Terasort algorithm analysis in Hadoop 1

Source: Internet
Author: User
Analysis of Terasort algorithm in Hadoop

1. Overview
1TB sequencing is typically used to measure the data processing capabilities of a distributed data processing framework. Terasort is a sort job in Hadoop, and in 2008, Hadoop won the first place in the 1TB sort benchmark evaluation, taking 209 seconds. So how is terasort implemented in Hadoop? This paper mainly analyzes the Terasort job from the angle of algorithm design.
2. Algorithm idea

In fact, when we want to design the traditional serial sorting algorithm as a parallel sorting algorithm, we usually think of the strategy of divide and conquer, that is: the data to be sorted into m data blocks (can be done in hash), and then each maptask to a block of local sorting, and then, A reducetask all the data in full order. This design approach guarantees a high degree of parallelism in the map phase, but there is no parallel at all in the reduce phase.


To improve the degree of parallelism in the reduce phase, the Terasort job improves the above algorithm: in the map phase, each maptask divides the data into R blocks (R is the number of reducetask), where all the data for the Block I (i>0) will be i+ The data in the 1 is large; in the reduce phase, the I reducetask processing (sorting) The block I of all maptask, so that the result of the I-reducetask will be greater than the i+1, and finally the 1~r of the order of Reducetask ordered output, That is the final sort result. This design idea is obviously more efficient than the first one, but it is difficult to achieve, it needs to solve the following two technical difficulties: first, how to determine the range of R blocks for each maptask data. Second, for a piece of data, if you quickly determine which data block it belongs to. The answers are "sampling" and "trie tree", respectively.


3. Terasort algorithm
3.1Terasort algorithm Flow
For the Terasort sorting algorithm of Hadoop, it consists of 3 steps: Sampling –>>maptask to mark –>>reducetask for the data record and local sort.

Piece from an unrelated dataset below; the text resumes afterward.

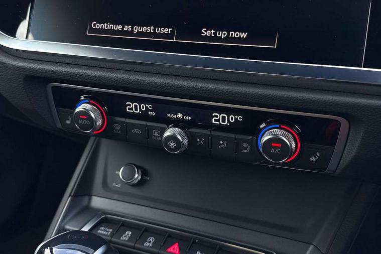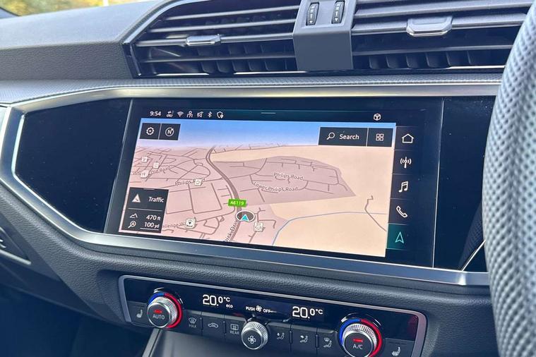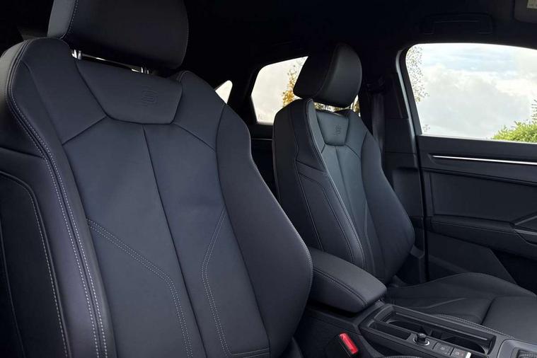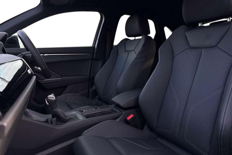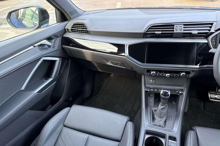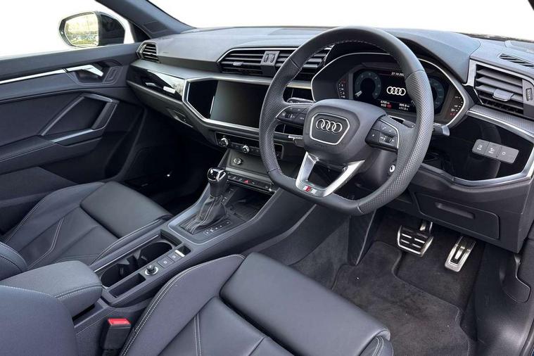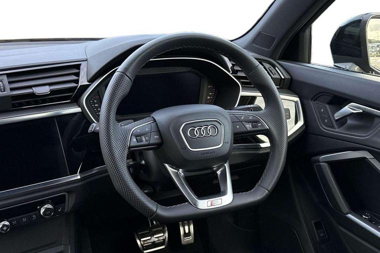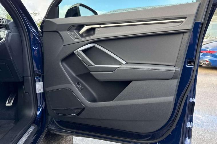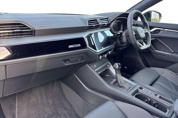 Audi connect safety and service, Audi drive select, Audi lane departure warning, Audi Virtual Cockpit - 10.25" display, Bluetooth interface, Camera based traffic sign recognition, Distraction and Fatigue warning, Legal emergency call, MMI Navigation Plus with high resolution 10.1 inch touchscreen colour display, Power operated tailgate, Progressive steering, Service interval indicator, Smartphone interface includes wireless Apple carplay/Android Auto, Start stop system with recuperation, Voice control system with natural language interaction, Diesel particulate filter, Sports suspension, 2 USB-C ports with charge and data functions, 6 passive loudspeakers, DAB digital radio module, Acoustic windscreen, Audi Beam uses LEDs to project the Audi logo onto the ground as you exit your Q3, Auto dimming door mirrors, Auto dimming frameless rear view mirror, Diffuser grille in grained matt black, Diffuser trim in selenite silver, Electrically folding, adjustable and heated door mirrors with integrated LED side indicators and kerb view function for passenger side, Front and rear electric windows, Front fog lights, Front underbody protection in manhattan grey paint finish, High gloss black finish B and C pillars, LED Dynamic rear indicators, LED headlights with LED daytime running lights, LED rear lights, LED third brake light, Privacy glass dark tinted rear and rear-side windows (from B-pillar backwards), Rain and light sensors, Rear side wing doors, Rear underbody protection in matt black, Rear wiper, S line front and rear bumpers and side skirts in contrasting Manhattan grey paint finish, Variable front intermittent wipers, 12V socket in rear centre console, 3 seat bench in 2nd row, 40:20:40 folding with manual adjustment for 60:40 forwards/backwards position and backrest angle, Adjustable rear seat bench/backrest with centre armrest and cupholder, Black cloth headlining, Dual zone electronic climate control, Electric lumbar support, Front and rear black floor mats with contrast stitching, Front and rear headrests, Front centre armrest, Height and reach adjustable steering wheel, Illuminated door sill trims with S logo, ISOFIX child seat mounting for front passenger with airbag deactivation and outer rear seat including top tether attachment point for outer rear seats, Luggage compartment sill protection in stainless steel, Manual front seats with height adjustment, Perforated leather gearknob, Single front passenger seat, Stainless steel pedals, Twin leather upholstery with front sport seats + S embossing, Black styling pack - Q3, Non smoking pack - Q3, 3x3 point rear seatbelts, 6 airbags - Driver, front passenger, curtain and side windows, Audi pre-sense front with pedestrain and cyclist recognition, Electrically operated child locks on rear doors, Electromechanical parking brake, Electronic stabilisation control including ABS, ASR and EDL, Front seatbelt reminder, Hill descent control, Hill hold assist, Pre sense basic, Seatbelt monitoring, Tyre pressure warning, Warning triangle and first aid kit, Anti theft alarm, Anti theft wheel bolts, Immobiliser, Remote central locking, Aluminium look interior elements, Detail dashboard around MMI touch colour display in glass look, black with surround in aluminium look, Leatherette door armrest, Piano black inlay,

Data sampling takes place on the jobclient side, first extracting part of the data from the input data, sorting the data, then dividing them into r blocks, identifying the data caps and downline (called "split points") for each block, and saving the split points to the distributed cache.
In the map phase, each Maptask first reads the split point from the distributed cache and establishes the trie tree (two-layer trie tree, which holds the reducetask number of the node on the tree's leaf node). Then formally start processing the data, for each data, in the trie tree to find the number of the reducetask it belongs to, and save it.
In the reduce phase, each reducetask reads its corresponding data from each maptask for local ordering, and finally reducetask processing results are sequentially output by reducetask number.
3.2Terasort algorithm key point (1) sampling
Hadoop comes with a lot of data sampling tools, including Intercalsmapler,randomsampler,splitsampler, etc. (see org.apache.hadoop.mapred.lib for details).
Number of sampled data bars: Samplesize=conf.getlong ("Terasort.partitions.sample", 100000);
Selected split number: Samples=math.min (10,splits.length); splits is an array of all split elements. Number of data strips extracted per split: Recordspersample=samplesize/samples;
The sampled data is fully sorted, the obtained "Split point" is written to the file _partition.lst, and it is stored in the distributed buffer.
Example: For example, the sampling data is b,abc,abd,bcd,abcd,efg,hii,afd,rrr,mnk by sorting, get: Abc,abcd,abd,afd,b,bcd,efg,hii,mnk, RRR if the number of Reducetask is 4, the split point is: Abd,bcd,mnk (2) Maptask mark the data record
Each maptask reads the split point from the file _partition.lst and creates the trie tree (assuming 2-trie, that is, the organization takes advantage of the first two bytes).

Maptask reads data from split and finds the Reducetask number for each record through the trie tree. For example: ABG corresponds to the second REDUCETASK,MNZ corresponding to the fourth reducetask.


(3) Reducetask for local sorting
Each reducetask is ordered locally, and the result is then output. 4. References
(1) 1TB sequencing terasort for Hadoop:
Http://hi.baidu.com/dtzw/blog/item/cffc8e1830f908b94bedbc12.html (2) Hadoop-0.20.2 code
(3) http://sortbenchmark.org

Contact Us

The content source of this page is from Internet, which doesn't represent Alibaba Cloud's opinion; products and services mentioned on that page don't have any relationship with Alibaba Cloud. If the content of the page makes you feel confusing, please write us an email, we will handle the problem within 5 days after receiving your email.

If you find any instances of plagiarism from the community, please send an email to: info-contact@alibabacloud.com and provide relevant evidence. A staff member will contact you within 5 working days.

A Free Trial That Lets You Build Big!

Start building with 50+ products and up to 12 months usage for Elastic Compute Service

  • Sales Support

    1 on 1 presale consultation

  • After-Sales Support

    24/7 Technical Support 6 Free Tickets per Quarter Faster Response

  • Alibaba Cloud offers highly flexible support services tailored to meet your exact needs.